I'd forgotten what it's like to be needed, really needed by a baby. To feel a warm head radiating heat against my cheek. To be entangled in soft limbs that reach out for comfort. To feel my shoulder dampen with tears. To hear the pained cry of a baby in my ear. To hold and rock and soothe and feel utterly helpless. I'd forgotten what it's like to worry, to Google, to ring the doctors. I'd forgotten how exhausting it is to be woken by cries in the night, to sit up and rock and fight to stay awake against the crushing exhaustion in my bones. I'd forgotten how draining it is to listen to cries from noon until night and no that there's nothing I can do to help.
I'd forgotten how much those teeth can hurt, how hard it can be to breathe through a snotty nose, how hungry babies get when they can't feed properly. I'd forgotten how desperately they need to be cuddled even when it does nothing to silence the crying. I'd forgotten what it's like to be somebody's everything, to be the only person who can make the pain even slightly more bearable. I'd forgotten what it's like to not have the time to shower, to watch a baby cry on the floor so I could snatch two minutes to pee. I'd forgotten what it's like when showering is impossible, to be covered with the dried tears and snot of a screaming baby and not be able to put them down to get clean. I'd forgotten the relief of the front door opening at 7pm and knowing that I could have a few minutes of not holding or feeding or cuddling. I'd forgotten the bone-aching skin-crawling reality of feeling touched out.

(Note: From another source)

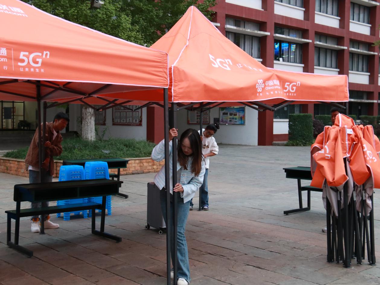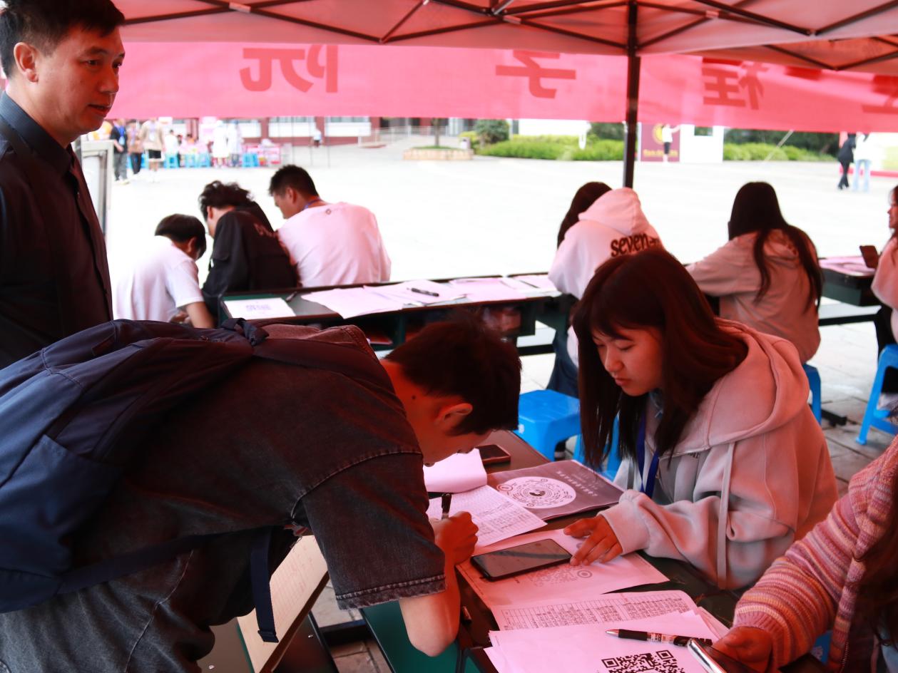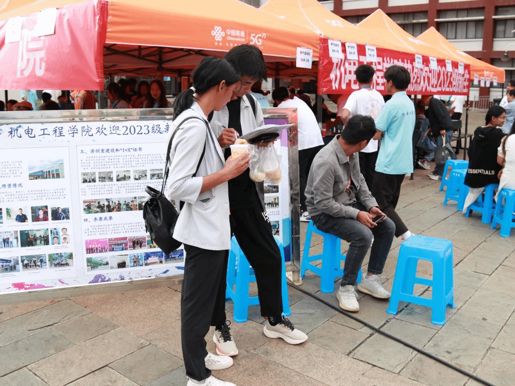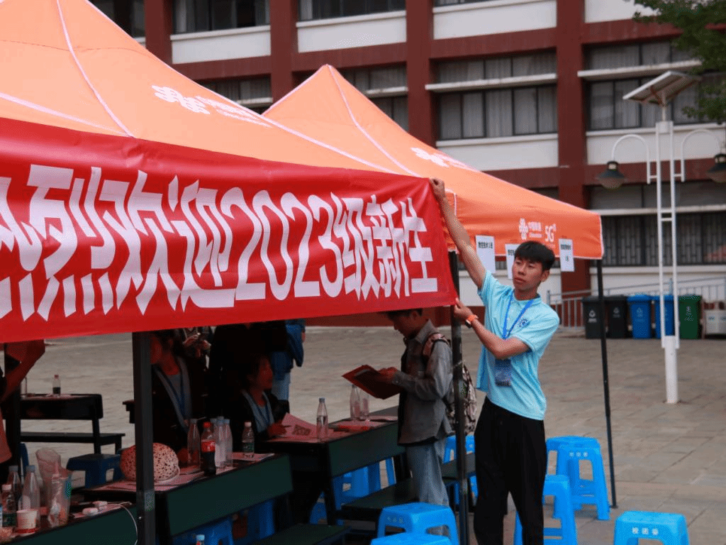 国土广场上,告别父母时的叮咛、行李箱拖动的哗哗声、一排排的黄帐篷、一张张介绍的海报……都在无声地告诉新生们,一段新的、难忘的旅程即将开启。他们拿起笔,认认真真、一笔一画地将自己的名字留在了签名墙上,默默地将国土的美好初印象刻在心上,将步入新环境的好奇和小激动藏在言语间。

A baby needs you in a different way to a five-year-old. A five-year-old can wait, she sat patiently on the top step the other day for five minutes while a crimson bead of blood formed on her finger as she waited for her sister to stop crying so she could show me her cut. A five-year-old can soothe herself and often does. I hear her trip, pick herself up, dust herself off and carry on, muttering under her breath about the stupid toy that tripped her up. A five-year-old doesn't need me, she needs anyone. Her dad, her nanny, it doesn't matter, she is soothed by love and attention but it doesn't need to be from me.
A baby is different. A baby's needs cannot be put off or ignored or asked to wait. A baby cannot be fobbed off on someone else. A baby can scream and cry until she is red in the face even when she is being held tightly. A baby can't explain why she is crying or what hurts. All she can do is cry and reach out for me and let me know that she needs me, even though neither of us know why.